═══ Data segment ═══
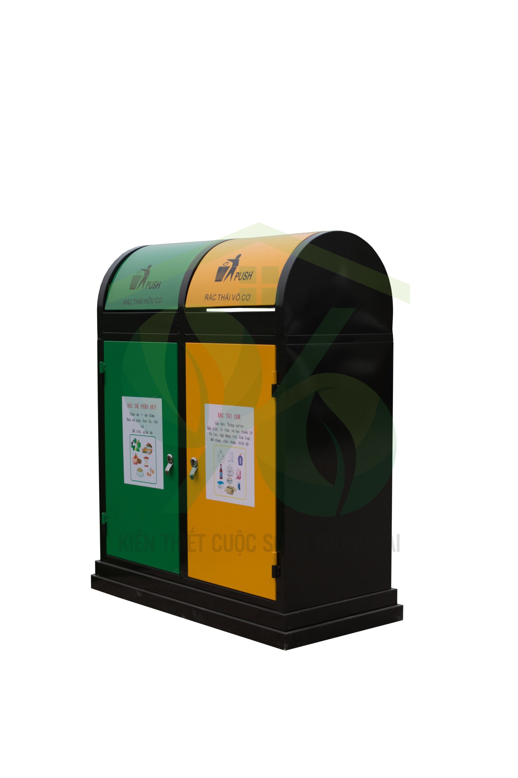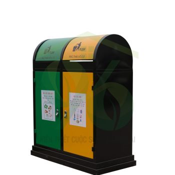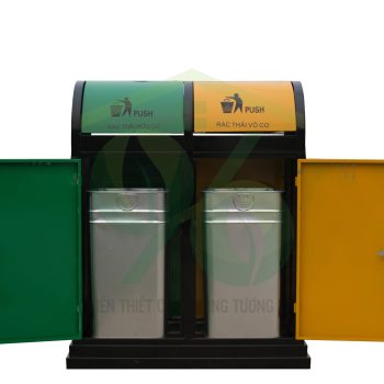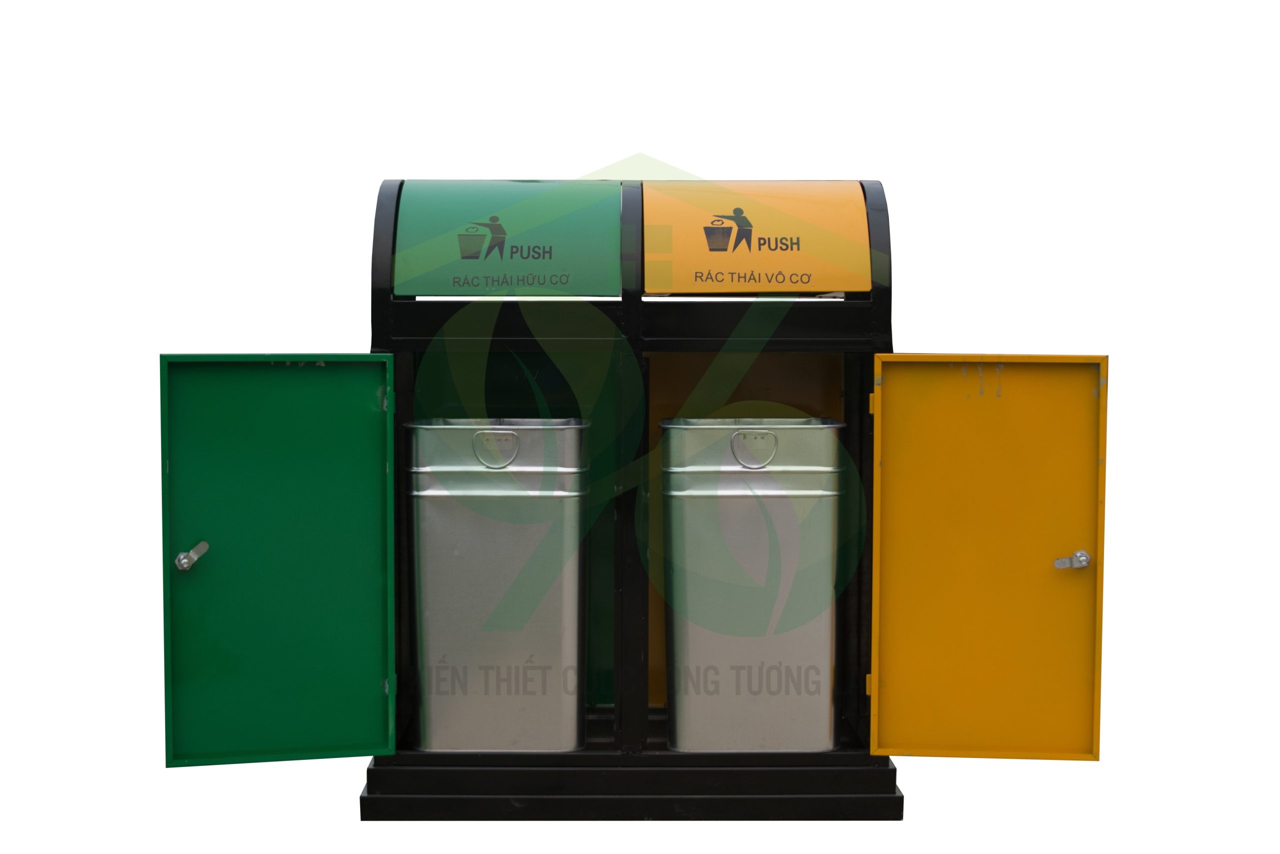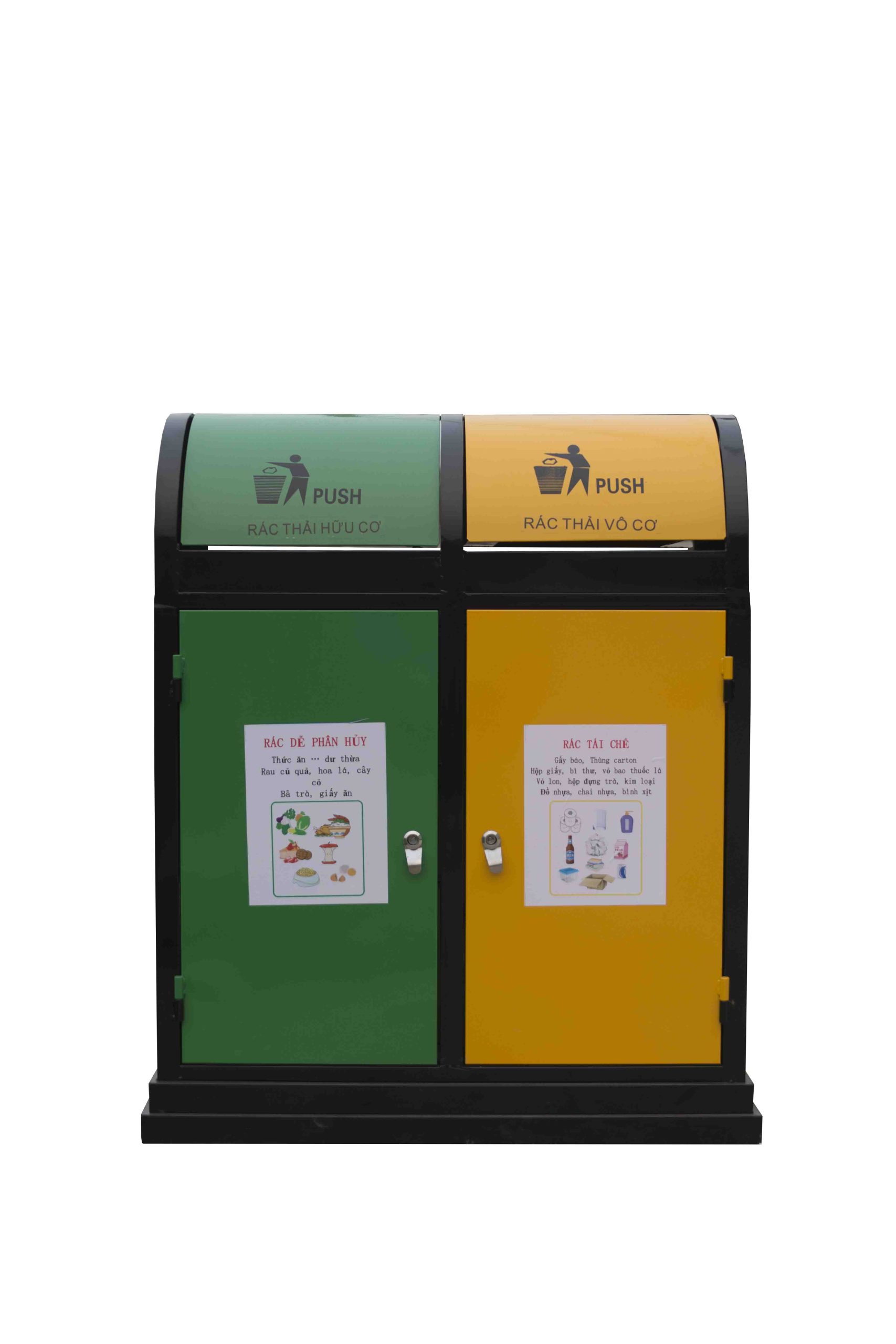 Thùng rác thép 02 ngăn ngoài trời được thiết kế 2 ngăn có tác dụng phân loại rác vô cơ và hữu cơ thông qua ký hiệu in trên thùng.
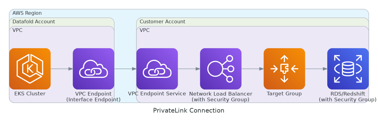 The setup involves creating a Network Load Balancer (NLB) and VPC Endpoint Service in your AWS account that Datafold can connect to via a VPC Endpoint.- Enhanced Security: Database traffic never traverses the public internet
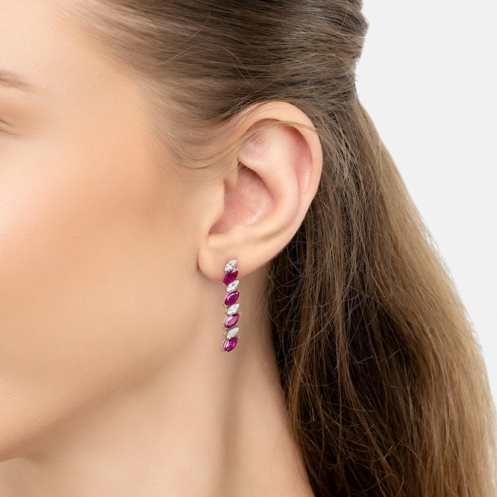 The Viscountess Tennis Drop Earrings Ruby Silver by Latelita are designed to frame your face with elegance and fire. They feature a graceful line of alternating lab-grown rubies and simulated diamonds in the signature Marquise shape. Handcrafted in 925 Sterling Silver and dipped in Rhodium, these earrings are a finishing touch of confidence.
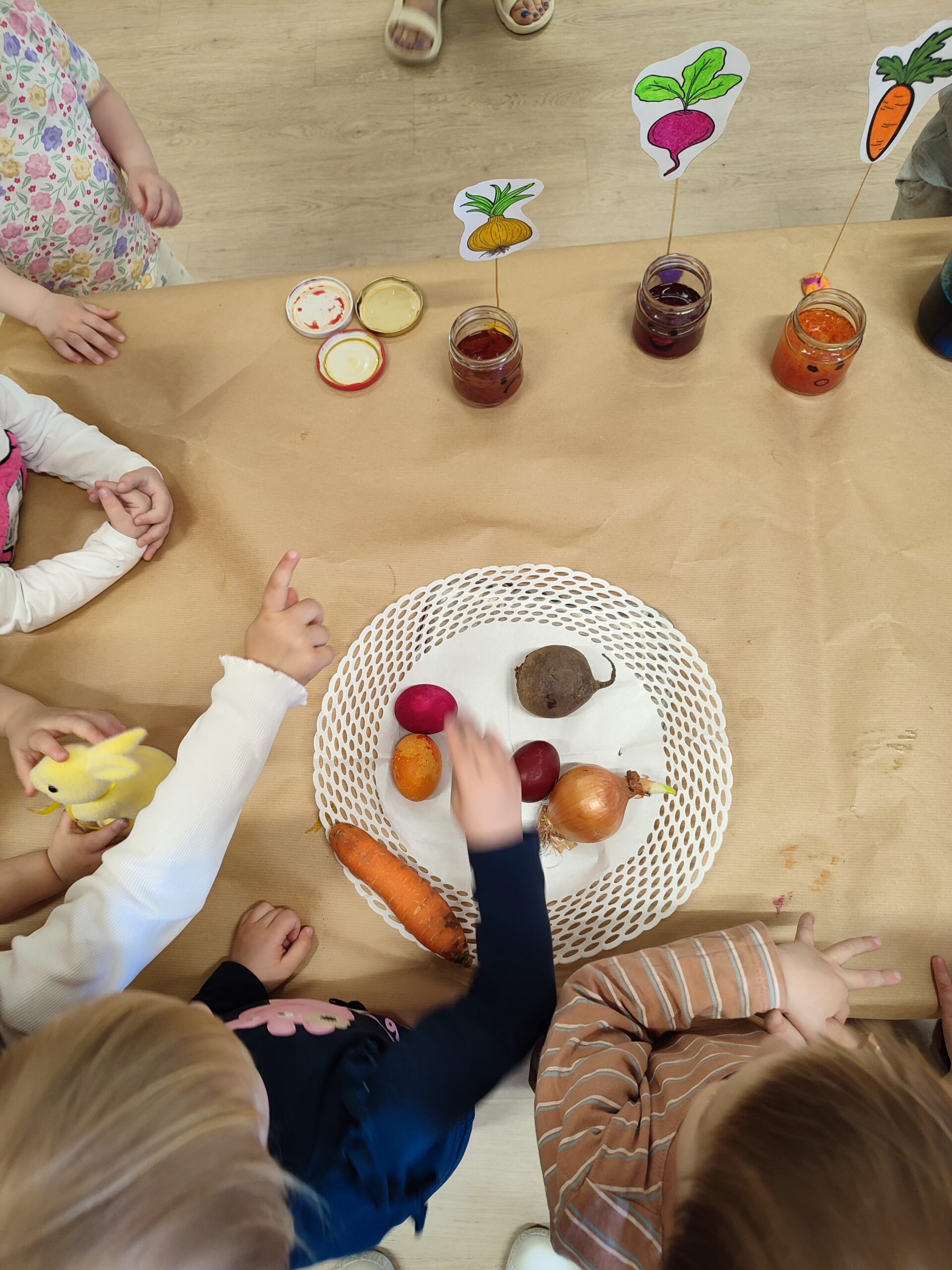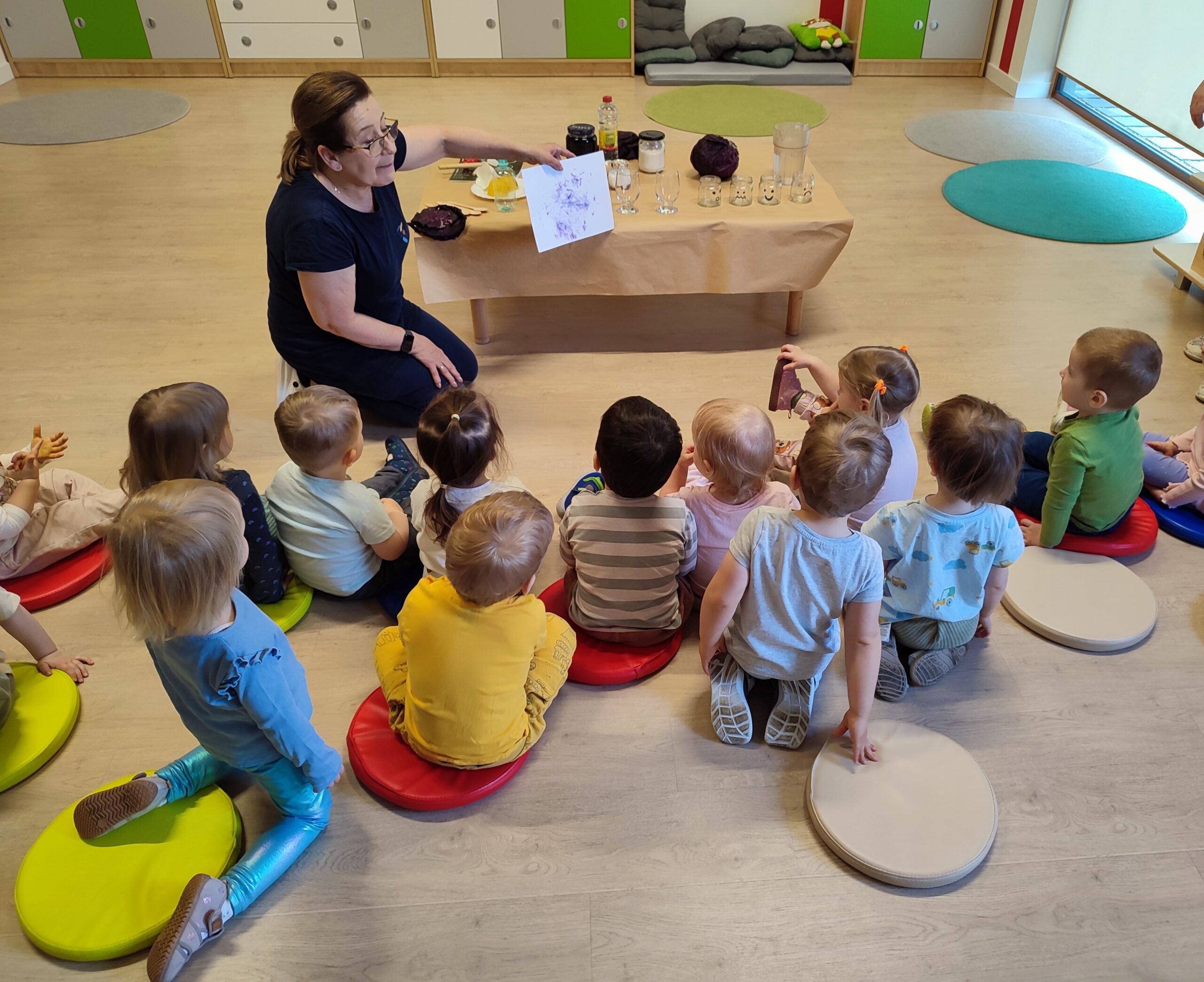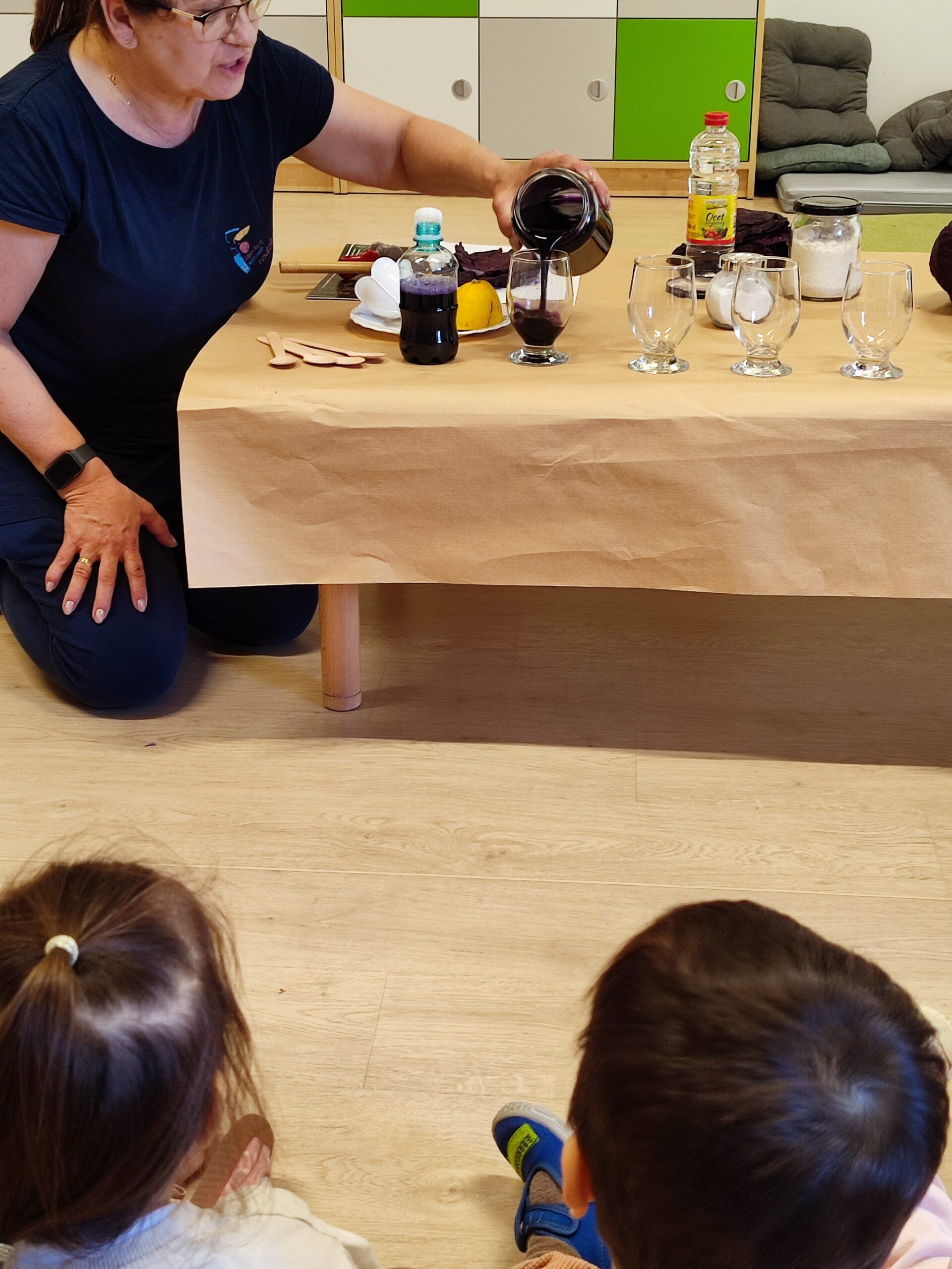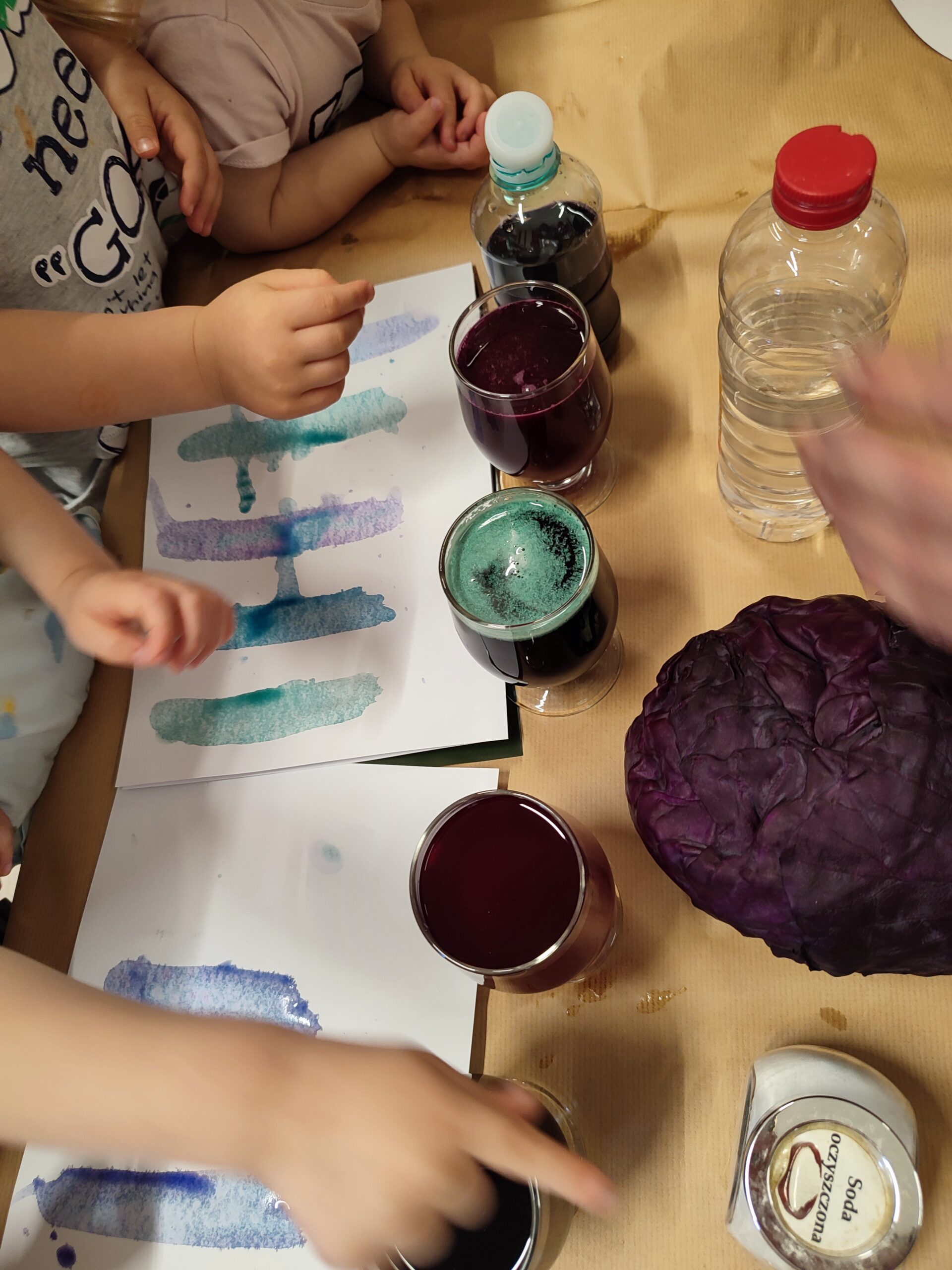 Dużym zainteresowaniem cieszyły się także zajęcia badawcze i eksperymentalne. Dzieci uczestniczyły w prostych doświadczeniach, takich jak odkrywanie barw z wykorzystaniem czerwonej kapusty czy zabawy z wodą i olejem. Była to doskonała okazja do rozwijania ciekawości świata oraz poznawania podstawowych zjawisk w sposób dostosowany do ich wieku.
═══
Problem description: Excluding all images, transcribe the material word for word.

Task result:
 Thùng rác thép 02 ngăn ngoài trời được thiết kế 2 ngăn có tác dụng phân loại rác vô cơ và hữu cơ thông qua ký hiệu in trên thùng.
 The setup involves creating a Network Load Balancer (NLB) and VPC Endpoint Service in your AWS account that Datafold can connect to via a VPC Endpoint.- Enhanced Security: Database traffic never traverses the public internet
 The Viscountess Tennis Drop Earrings Ruby Silver by Latelita are designed to frame your face with elegance and fire. They feature a graceful line of alternating lab-grown rubies and simulated diamonds in the signature Marquise shape. Handcrafted in 925 Sterling Silver and dipped in Rhodium, these earrings are a finishing touch of confidence.
 Dużym zainteresowaniem cieszyły się także zajęcia badawcze i eksperymentalne. Dzieci uczestniczyły w prostych doświadczeniach, takich jak odkrywanie barw z wykorzystaniem czerwonej kapusty czy zabawy z wodą i olejem. Była to doskonała okazja do rozwijania ciekawości świata oraz poznawania podstawowych zjawisk w sposób dostosowany do ich wieku.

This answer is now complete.